"The Nauts - Ahto Edition" includes the classic mode of the game “The Nauts" as well as the (to my knowledge) first promo game for a custom iOS keyboard extension.
The name for the latter is Ahto and you can find it right here on the AppStore.
The game puts you in control of three nauts, concurrently.
They fly around in a single screen scene and your job is it to avoid colliding with each other.
To do this you can fire a nauts thruster by tapping the naut.
You collect stars along the way to increase your score.
Classic mode offers additional challenges in form of targets which you can hit with your nauts to gain extra points.

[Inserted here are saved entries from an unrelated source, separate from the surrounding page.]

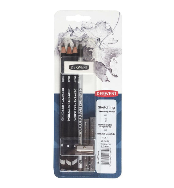 Los juegos de medios mixtos de Derwent contienen lápices de bocetos o de dibujo junto con el sacapuntas y el borrador apropiados.
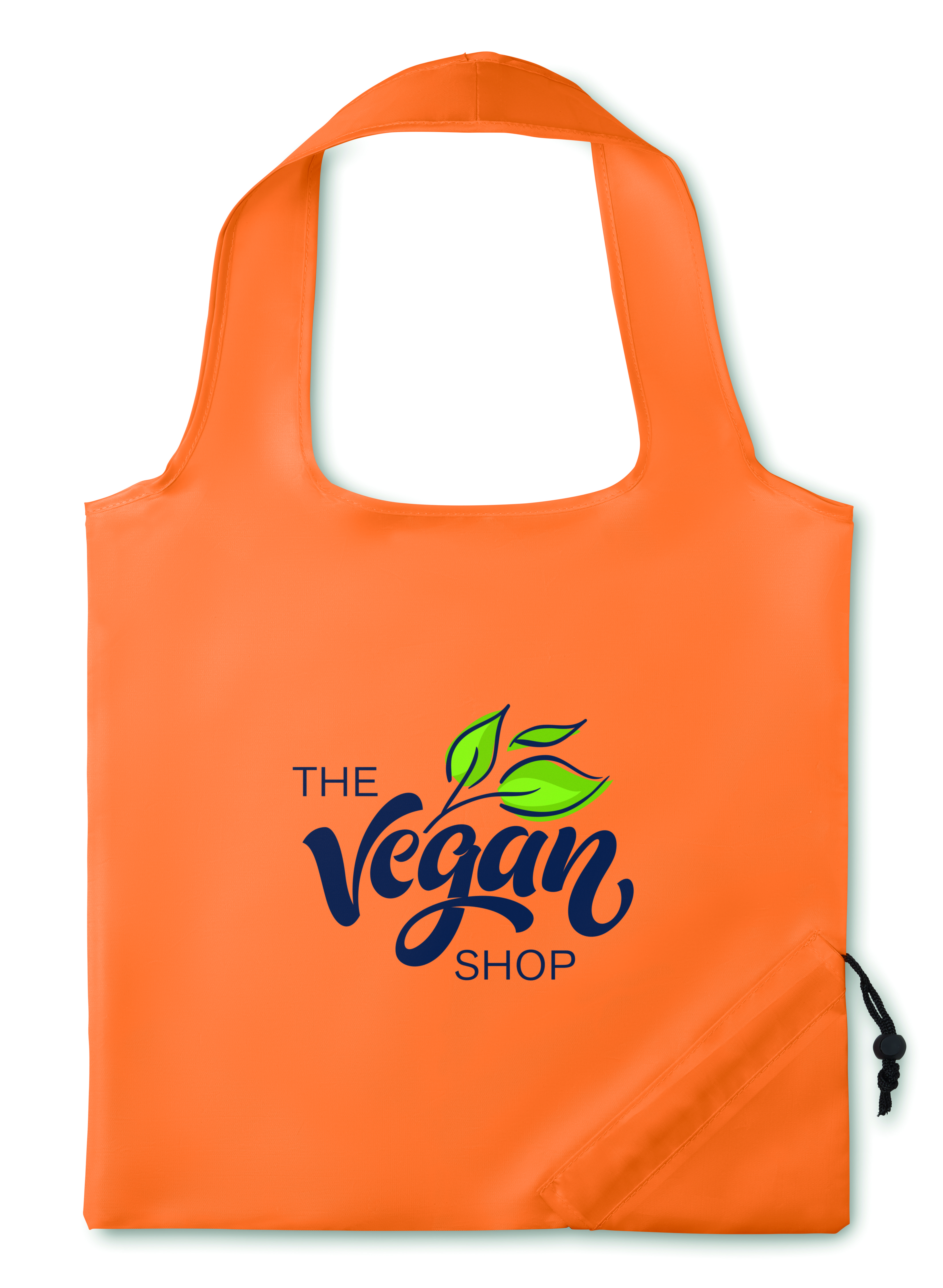 Torba na zakupy z poliestru 210D, składana do zamykanego na sznurek etui.
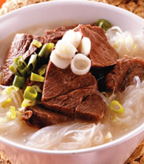 3.取一碗,将作法1的冬粉放入碗中,再倒入椰汁香茅牛肉汤,撒上葱花即完成。
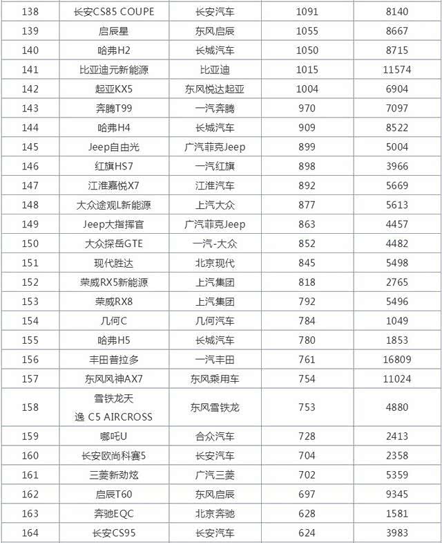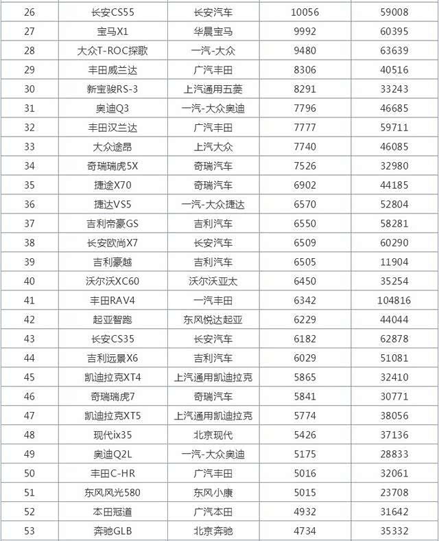 这个榜单26款销量过万的车型中,有13款自主品牌车型,有13款合资品牌车型,可以说平分秋色,这当中排名前四的,和排名后六名的都是自主品牌车型,合资品牌被夹在中间,好平衡的一种状态。
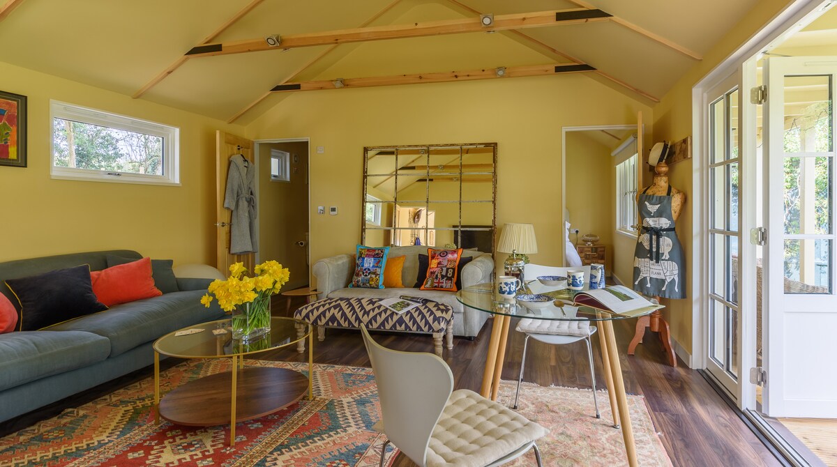 寬敞的單臥室附屬建築,有自己的廚房和淋浴間。通過自己的門(小心頭部!)進入一個小入口大廳,通往廚房區域、淋浴間,然後進入一個朝南的大臥室,有高高的天花板和大窗戶,俯瞰主屋的前草坪。在舒適的沙發上放鬆身心,或在餐桌上享用美食。設備齊全,適合短期或長期住宿。步行20分鐘穿過田野即可抵達The Farmer 's Dog酒吧。
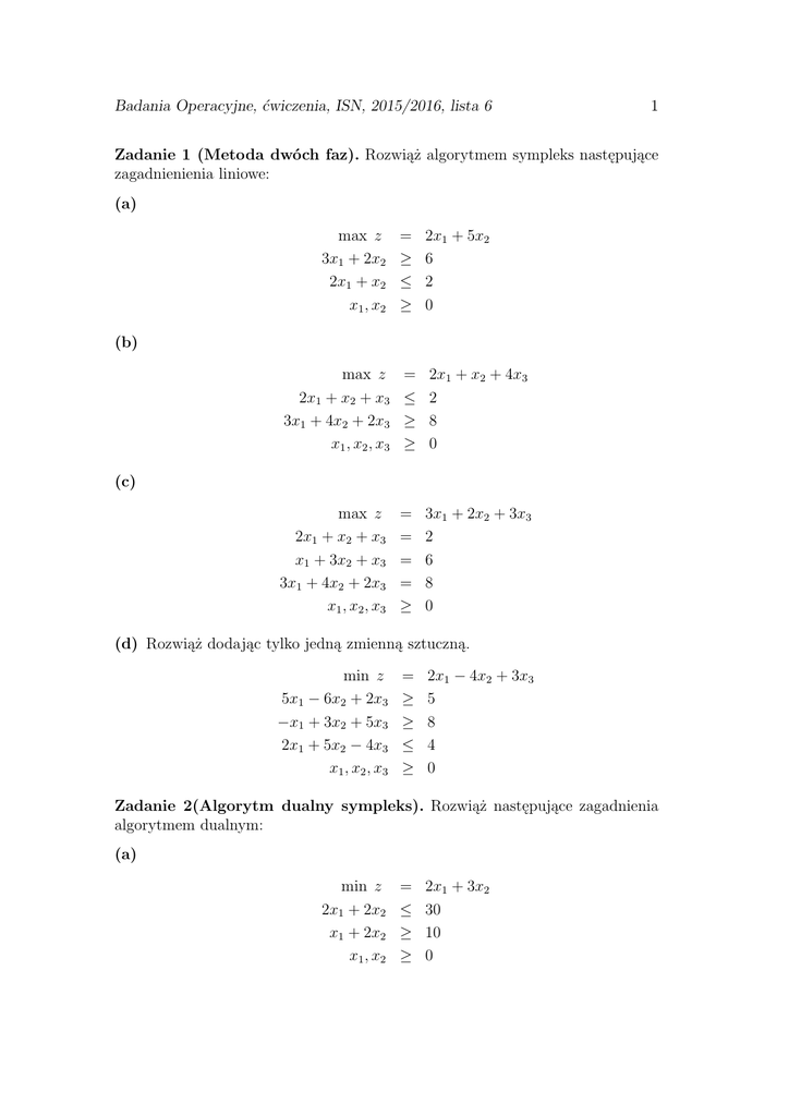 Badania Operacyjne, ćwiczenia, ISN, 2015/2016, lista 6 1 Zadanie 1 (Metoda dwóch faz). Rozwiąż algorytmem sympleks następujące zagadnienienia liniowe: (a) max z 3x1 + 2x2 2x1 + x2 x1 , x2 = ≥ ≤ ≥ 2x1 + 5x2 6 2 0 max z 2x1 + x2 + x3 3x1 + 4x2 + 2x3 x1 , x2 , x3 = ≤ ≥ ≥ 2x1 + x2 + 4x3 2 8 0 max z 2x1 + x2 + x3 x1 + 3x2 + x3 3x1 + 4x2 + 2x3 x1 , x2 , x3 = = = = ≥ 3x1 + 2x2 + 3x3 2 6 8 0 (b) (c) (d) Rozwiąż dodając tylko jedną zmienną sztuczną. min z 5x1 − 6x2 + 2x3 −x1 + 3x2 + 5x3 2x1 + 5x2 − 4x3 x1 , x2 , x3 = ≥ ≥ ≤ ≥ 2x1 − 4x2 + 3x3 5 8 4 0 Zadanie 2(Algorytm dualny sympleks). Rozwiąż następujące zagadnienia algorytmem dualnym: (a) min z 2x1 + 2x2 x1 + 2x2 x1 , x2 = ≤ ≥ ≥ 2x1 + 3x2 30 10 0 Badania Operacyjne, ćwiczenia, ISN, 2015/2016, lista 6 2 (b) min z x1 + x2 4x1 + x2 x1 , x2 = ≥ ≥ ≥ 5x1 + 6x2 2 4 0 min z x1 + x2 3x1 − x2 x1 , x2 = = ≥ ≥ 4x1 + 2x2 1 2 0 min z 2x1 + x2 x1 + x2 x1 , x2 = ≥ = ≥ 2x1 + 3x2 3 2 0 (c) (d) (e) max z 2x1 + 3x2 − 5x3 −x1 + 9x2 − x3 4x1 − 6x2 − 3x3 x1 , x2 , x3 = ≥ ≥ ≤ ≥ 2x1 − x2 + x3 4 3 8 0 Wskazówka! Dodaj do początkowej tablicy sympleksowej ograniczenia x1 + x3 ≤ M (gdzie M jest dostatecznie dużą liczbą) i następnie wykorzystaj to ograniczenie jako wiersz centralny biorąc x1 jako zmienną wchodzacą. Zastosuj teraz algorytm dualny. Zadanie 3. Rozwiąż trzema metodami zagadnienie następujące zagadnienie liniowe: min z 5x1 + 6x2 − 3x3 + 4x4 x2 − 5x3 − 6x4 2x1 + 5x2 + x3 + x4 x1 , x2 , x3 , x4 = ≥ ≥ ≥ ≥ 6x1 + 7x2 + 3x3 + 5x4 12 10 8 0 Badania Operacyjne, ćwiczenia, ISN, 2015/2016, lista 6 3 Zadanie 4(Dualność). (a) Zapisz zagadnienie dualne do następującego: min z x1 + x2 + x3 + x4 x1 + x3 + x4 x1 − x4 x1 , x2 , x4 = ≥ ≤ = ≥ 2x1 + 3x2 + 4x3 + 5x4 0 0 1 0 (b) Na podstawie zagadnienia dualnego wyznacz optymalną wartość funkcji celu zadania: min z = n X ixi i=1 k X xi ≥ k, k=1,. . . ,n i=1 xi ≥ 0, i=1,. . . ,n (c) Wykorzystując twierdzenie o warunkach komplementarnych sprawdzić, czy wektor x = [1, 0, 1]T jest rozwiązaniem optymalnych zadania: max z x1 + x2 + 4x3 x1 − x2 + 2x3 x1 , x2 , x3 = = = ≥ x1 + 8x2 + 10x3 2 0 0 Zadanie 5(Zakresy cen dualnych i współczynników funkcji celu). Dla następującego zadania liniowego: max z 2x1 + 5x2 + x3 + 2x4 + 4x5 5x1 + 4x2 + 3x3 + 5x4 + x5 4x1 + 2x2 + x3 + 3x4 + 6x5 x1 + 2x2 + x4 + 2x5 x1 , x2 , x3 , x4 , x5 = ≤ ≤ ≤ ≤ ≥ 78x1 + 72x2 + 18x3 + 72x4 + 10x5 606 1158 624 156 0 optymalną jest następująca tablica sympleksowa: Badania Operacyjne, ćwiczenia, ISN, 2015/2016, lista 6 cB 0 72 18 78 xB Z s1 x4 x3 x1 x1 x2 x3 x4 0 24 0 0 0 3 0 0 0 4 0 1 0 -2 1 0 1 -2 0 0 4 x5 s 1 s2 s3 s4 98 0 4 6 34 13680 3 1 − 13 0 − 13 168 1 7 -1 0 126 -1 3 3 1 5 -3 0 126 0 −3 3 1 4 3 0 −3 1 −3 30 (a) Podaj rozwiazanie optymalne problemu, sformułuj problem dualny i odczytaj rozwiązanie optymalne zagadnienia dualnego z tablicy. (b) Jak zmieni się rozwiązanie optymalne, gdy wektor współczynników funkcji celu zastąpimy wektorem c=[60,40,36,60,10] a jak wektorem c=[60,40,36,60,21]? (c) Wyznacz zmiany współcznników funkcji celu, przy których otrzymane bazowe rozwiązanie pozostaje optymalnym. (d) Jak zmieni się rozwiązanie optymalne, gdy wektor wyrazów wolnych b zastąpimy wektorem b=[600,1200,600,144] a jak wektorem b=[780,696,574,150]? (e) Wyznacz zakresy cen dualnych. Zadanie 6. Dla następującego zadania liniowego: max z x1 − 2x2 + x4 x2 + x3 − 2x4 3x2 + x4 + x5 x1 , x2 , x3 , x4 , x5 = = = = ≥ −x1 − 2x2 + 3x3 − 3x4 3 5 4 0 optymalną jest następująca tablica sympleksowa: cB xB Z -3 x4 3 x3 -2 x2 x1 x2 x3 x4 x5 4.8 0 0 0 0.2 24.2 0.6 0 0 1 0.4 3.4 1.4 0 1 0 0.6 11.6 -0.2 1 0 0 0.2 0.2 (a) Dla jakich wartości współczynnika c6 dołączenie zmiennej x6 z wektorem a6 = [1, 2, 0.5]T nie zmieni bazy optymalnej? (b) Czy i jak zmieni się rozwiązanie optymalne, gdy do zadania dołączymy nowy warunek x1 + 2x2 + 3x3 + x4 ≤ 35?

GameCenter Leaderboards are shared between the original and this Ahto Edition, by the way (-;
For the two Ahto game modes, tapping a naut’ is replaced by ‘typing the letter’ shown above a nauts head.

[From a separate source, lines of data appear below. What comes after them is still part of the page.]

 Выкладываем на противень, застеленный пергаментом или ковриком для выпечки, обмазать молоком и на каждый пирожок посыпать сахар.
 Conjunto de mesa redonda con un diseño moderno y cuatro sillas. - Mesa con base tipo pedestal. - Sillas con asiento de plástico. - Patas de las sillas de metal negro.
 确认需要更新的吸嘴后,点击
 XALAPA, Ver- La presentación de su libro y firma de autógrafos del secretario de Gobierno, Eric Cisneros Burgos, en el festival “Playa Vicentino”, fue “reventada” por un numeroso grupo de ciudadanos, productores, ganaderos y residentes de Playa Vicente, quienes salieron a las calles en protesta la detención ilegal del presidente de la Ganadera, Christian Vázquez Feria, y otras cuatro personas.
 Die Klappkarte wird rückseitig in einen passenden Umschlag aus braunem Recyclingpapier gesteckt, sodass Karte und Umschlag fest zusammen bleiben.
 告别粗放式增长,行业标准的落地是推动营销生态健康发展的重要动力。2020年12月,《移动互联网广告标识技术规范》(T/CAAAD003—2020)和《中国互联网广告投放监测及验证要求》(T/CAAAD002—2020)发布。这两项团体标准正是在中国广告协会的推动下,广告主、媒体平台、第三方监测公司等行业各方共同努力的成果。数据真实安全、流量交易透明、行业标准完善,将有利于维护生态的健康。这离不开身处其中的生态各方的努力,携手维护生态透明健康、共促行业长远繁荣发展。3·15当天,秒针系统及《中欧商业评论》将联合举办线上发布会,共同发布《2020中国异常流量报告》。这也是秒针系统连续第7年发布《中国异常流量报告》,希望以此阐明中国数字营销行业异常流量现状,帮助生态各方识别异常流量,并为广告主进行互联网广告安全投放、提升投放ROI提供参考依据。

The goal here is to learn the key combinations needed to enter a letter with Ahto.
‘Key combinations’??
Yes, you sometimes need multiple keys to enter a single letter.
Ahto only has eight of ‘em keys, though.
Why?
Well, the aim is to provide one button for each pinky, ring, middle and index finger.
On iPad and in landscape, that is.
Fingers are to be placed over the keys and to either touch the surface or not.
Once memorised, this method removes the need to re-position your fingers when typing.
For our 26 letter long alphabet, a maximum of three parallel taps is enough.
‘What happens in portrait mode or on iPhones?’, you might ask.
For these cases of ‘thumb usage’, Ahto provides additional buttons.
Called ‘combine buttons’, they press the two adjacent main buttons when tapped.
This reduces the maximum number of parallel taps to a thumbs-friendly two.
If keys have to be tapped in parallel for a specific letter, it is indicated at its’ foot:
The first one is always the key the letter is named on.
The second (and third) are given as number(-s), 1 pointing to the left-, 8 to the rightmost one.
Only having eight keys also allows to transfer Ahtos input method to game controllers.
The buttons can be substituted by the four directions of the two thumb-sticks.
This is, of course, implemented, so if you have a MFi controller at hand, please try it.
The first main button corresponds to the left direction of the left stick.
The second, third and forth follow clock-wise for the remaining directions of the left stick.
The fifth button then corresponds with the left direction of the right stick and so forth.
Back to the two game modes for Ahto.
For the first steps with the new keyboard, one naut is abandoned.
This leaves, but you can actually concentrate on just one to avoid collision.
Once you master this, you can try the second mode with all three nauts.